Experienced OpenBSD users will know what I knew: OpenBSD has sane defaults. One of those sane defaults is the daily security(8) script. During each run it makes a backup of all the disklabels (and a lot of /etc). As long as your system has run overnight at least once since you created or changed the disklabel(5), there's a backup in /var/backups.
All I needed to do was relax, copy the disklabel(5) to a thumbdrive, restore it and console myself over a few losses and berate my stupidity:
Yeah, sure, I've probably lost the root partition but /home, /usr/ports/mystuff and a few other important directories are OK, right?
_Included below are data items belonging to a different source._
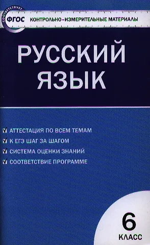 Содержащиеся в пособии контрольно-измерительные материалы (КИМы) соответствуют общим направлениям составления материалов ЕГЭ, программе по русскому языку для 6 класса и требованиям ФГОС. В конце пособия даны ответы на все варианты тестов, предложены диктанты различных типов и индивидуальные задания.
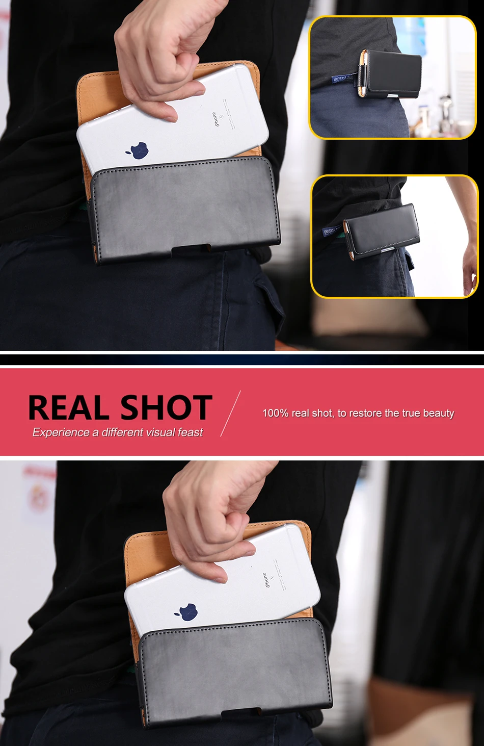 高級ユニバーサルホルスター電話ケース用サムスンs6 s7エッジケース用iphone 6 6 sプラスcapaベルトクリップウエスト男革カバーバッグ
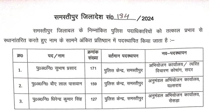 SP विनय तिवारी ने समस्तीपुर जिले के विभिन्न थानो में 82 दारोगा सहित 117 पुलिसकर्मी का किया पिस्टिंग,यहां देखे लिस्ट
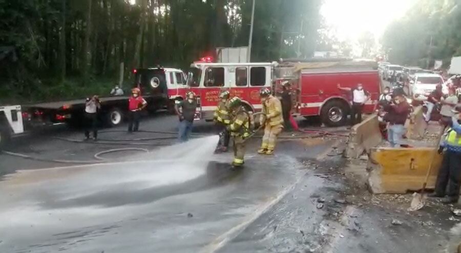 Los Bomberos Voluntarios ayudaron en la limpieza del combustible que quedó derramado y con la finalidad de que no se prendieran nuevamente las llamas.
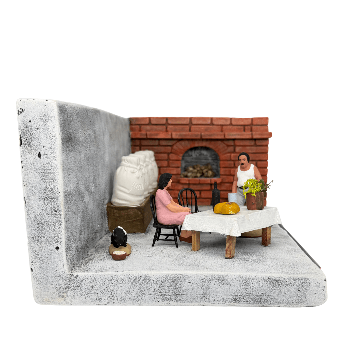 Cette scène comprend : un décor de boulangerie, 4 sacs de farine, un pétrin et la pelle, Aimable, Aurélie, Pomponette et son bol de lait, un pain en cœur, une bouteille de vin, un verre, un pot de fleur, une table et deux chaises.
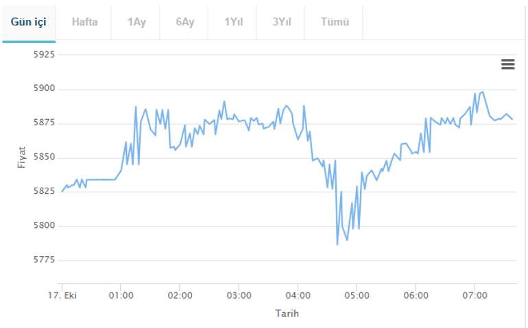 Sabah saatlerinde 5.770 TL seviyesin güne başlayan gram altın, şu dakikalarda 5900 TL seviyesinde dalgalanıyor.

Not so fast. Nuking the disklabel(5) is actually worse than deleting the kernel file. The kernel will run since it's loaded in memory. Overwriting the disk to the tune of ~280 MB while the system is running is really bad. While I was reassuring myself that I could recover the disklabel(5) the system hung, leaving me to contemplate my backup system.
I have a backup system. It's the best backup system. Everybody says so. Every night, my computers backup themselves up to a FreeNAS server. ZFS snapshots FTW.
Surely there'd be a copy of /var/backups/disklabel.sd1. Of course there would...unless someone had recently deleted the backup dir and not created a new backup point.
Time to panic.
- rarely needed when you have them
- rarely needed when you don't
But you'll miss them sorely in the latter situation.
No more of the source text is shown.